Screening for the genes, found in about 29 percent of patients in the study, may allow the most lethal types of prostate cancer to be pinpointed earlier and more definitively than current tests, researchers said Monday in a report in the Proceedings of the National Academy of Sciences.

More than 240,800 U.S. men will be diagnosed with prostate cancer this year and 33,700 will die, according to the National Cancer Institute. In some instances, it can take 10 years for the cancer to spread, spurring some doctors to advise watchful waiting for men older than 75 rather than immediate treatment that can include surgery. In other cases, the disease can move quickly, killing within a few years.

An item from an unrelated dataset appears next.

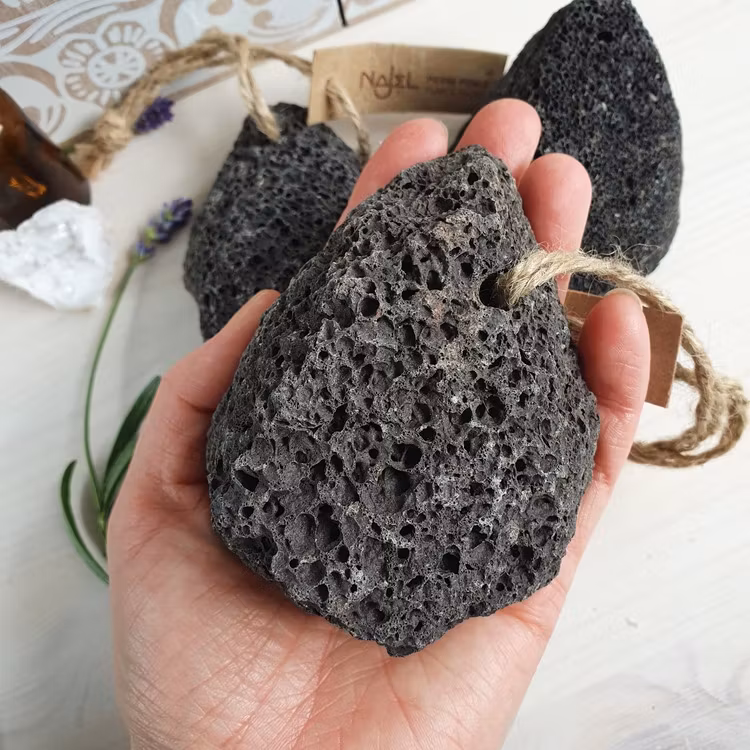 Gnid Lavastenen där du har torr hud, den kommer exfoliera och förnya din hud genom att ta bort det torra och döda hudceller. Med ett praktiskt snöre så den enkelt kan hängas upp på en krok.
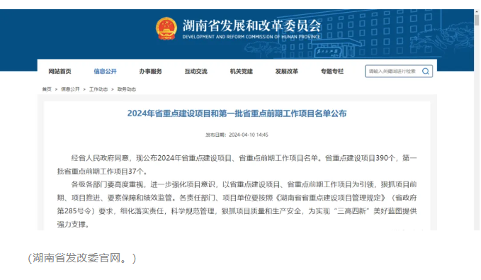 近日,湖南省发改委公布2024年省重点建设项目、省重点前期工作项目名单。今年,全省铺排省重点建设项目390个,总投资2.3万亿元,年度计划投资4715亿元。

“We’ve begun the process of identifying genes which predispose poor outcomes,” said Arnold Levine, a study author and biologist at the Institute for Advanced Study in Princeton, New Jersey. “It’s an early indication.”

The study used data from 281 patients from Sweden who had been recruited between 1977 through 1999 that included their age, whether they died from the cancer, and how long they survived. The scientists tested their tumor tissue for genetic expressions associated with prostate cancer.

“Stem-cell-like” gene activation patterns examined in the new test led researchers to identify two subtypes of prostate cancer that carried a 3.2-fold increased risk of death.

Gleason Score

The current method for predicting prostate cancer involves a method of tumor grading based on how the malignant cells pattern themselves, called the Gleason system. Patients’ tumors are scored on the cell patterns, which are rated by their ability to mimic normal prostate gland structure. A low score means the cancer is similar to normal prostate tissue and is less likely to spread, whereas a high score means the cancer is more likely to spread, portending a poorer outcome.

A low Gleason score, however, doesn’t necessarily mean the cancer won’t turn hostile, researchers said. The gene test may help predict patients with low Gleason scores who will have poor survival, they said.

The results will need to be validated in a larger prospective trial, Levine said. His group has started that work. Early data may be available as soon as five years from now, and survival data in 10 to 15 years, he said.